Mª Ángeles García Ferrero, one of the most outstanding young researchers in the field of mathematics and a tenured scientist of the Spanish National Research Council at the ICMAT, is one of the nine plenary lecturers at the 6th Joint Meeting between the Spanish Royal Mathematical Society (RSME) and the Mexican Mathematical Society (SMM). The event, which began last Monday and will last until Friday, brings together hundreds of mathematicians from these two countries in Valencia.
On Wednesday, July 3 at 9:00, García Ferrero will talk about exceptional orthogonal polynomials, which arise as eigenfunctions of Sturm-Liouville problems and form complete bases of quadratically integrable functions with weights. “However, unlike the classical Hermite, Laguerre and Jacobi polynomials, their degree sets omit a finite number of natural numbers,” says the mathematician. Since 2009, much progress has been made in research on their construction and properties, but it is a field in which there are many open questions.
Multi-award-winning mathematician
Mª Ángeles García Ferrero has recently joined the ICMAT faculty, following her obtaining a permanent position as a tenured scientist at the CSIC. In 2019 she won the José Luis Rubio de Francia prize, awarded by the Spanish Royal Mathematical Society (RSME) to the best young Spanish mathematician under the age of 32, and one of the 2019 Vicent Caselles prizes, awarded by the RSME and the BBVA Foundation to six promising young Spanish mathematicians (under the age of 30). In 2023 she was elected member of the Young Academy of the European Mathematical Society.

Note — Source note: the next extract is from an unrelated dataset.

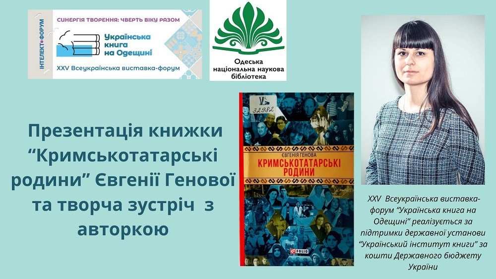 6 червня 2025 року в рамках ювілейної XXV Всеукраїнської виставки-форуму «Українська книга на Одещині» у відділі міжнародних проєктів Одеської національної наукової бібліотеки відбулася презентація книжки «Кримськотатарські родини» Євгенії Генової, кандидата філологічних наук, журналістки-розслідувальниці та правозахисниці.

Her research is in the area of partial differential equations (PDEs) and their applications. The main focus of her current work is the study of inverse problems in PDEs, on which image reconstruction and medical diagnostic techniques are based. He has also contributed significantly to the area of orthogonal polynomials, also relevant in quantum mechanics, about which he will speak at the Valencia meeting.
Her scientific results are published in journals such as Duke Mathematical Journal or Journal de Mathématiques Pures et Appliquées and she has been invited to present them in more than fifty seminars and congresses. In addition, she actively collaborates in various outreach initiatives, especially preparing lectures and workshops for secondary and high school students.

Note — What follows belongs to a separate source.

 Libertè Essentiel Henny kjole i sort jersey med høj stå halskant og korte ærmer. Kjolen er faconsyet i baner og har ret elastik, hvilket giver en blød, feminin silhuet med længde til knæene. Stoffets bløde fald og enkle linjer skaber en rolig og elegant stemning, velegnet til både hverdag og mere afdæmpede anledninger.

With a degree in Physics from the University of Valladolid (2014), she completed her PhD at the ICMAT, under the direction of Alberto Enciso, which she defended in2018. Previously, she was a student at the JAE School of the ICMAT -of which, years later, she has also been a professor-. She has also been a postdoctoral researcher at the Max-Planck Institute for Mathematics in Leipzig (Germany), at the University of Heidelberg (Germany) and at the Basque Center for Applied Mathematics (BCAM) in Bilbao, as well as a lecturer at the University of Barcelona, before joining the ICMAT.
“Exceptional polynomials and how to find them”, by Mª Ángeles García Ferrero
Abstract
Exceptional orthogonal polynomials arise as eigenfunctions of Sturm-Liouville problems and form complete bases in of square integrable functions with weights. Nevertheless, contrary to the classical polynomials of Hermite, Laguerre and Jacobi, their sets of degrees miss finitely many natural numbers. Since 2009, many pages have been written about their constriction and their properties, but the book is still unfinished. In this talk, we will summarize the introductory chapters on exceptional orthogonal polynomials, focusing on their construction via Darboux transformations. We will also review some of the last lines added to the narrative in the direction of achieving their full classification. This is based on joint works with D. Gómez-Ullate and R. Milson.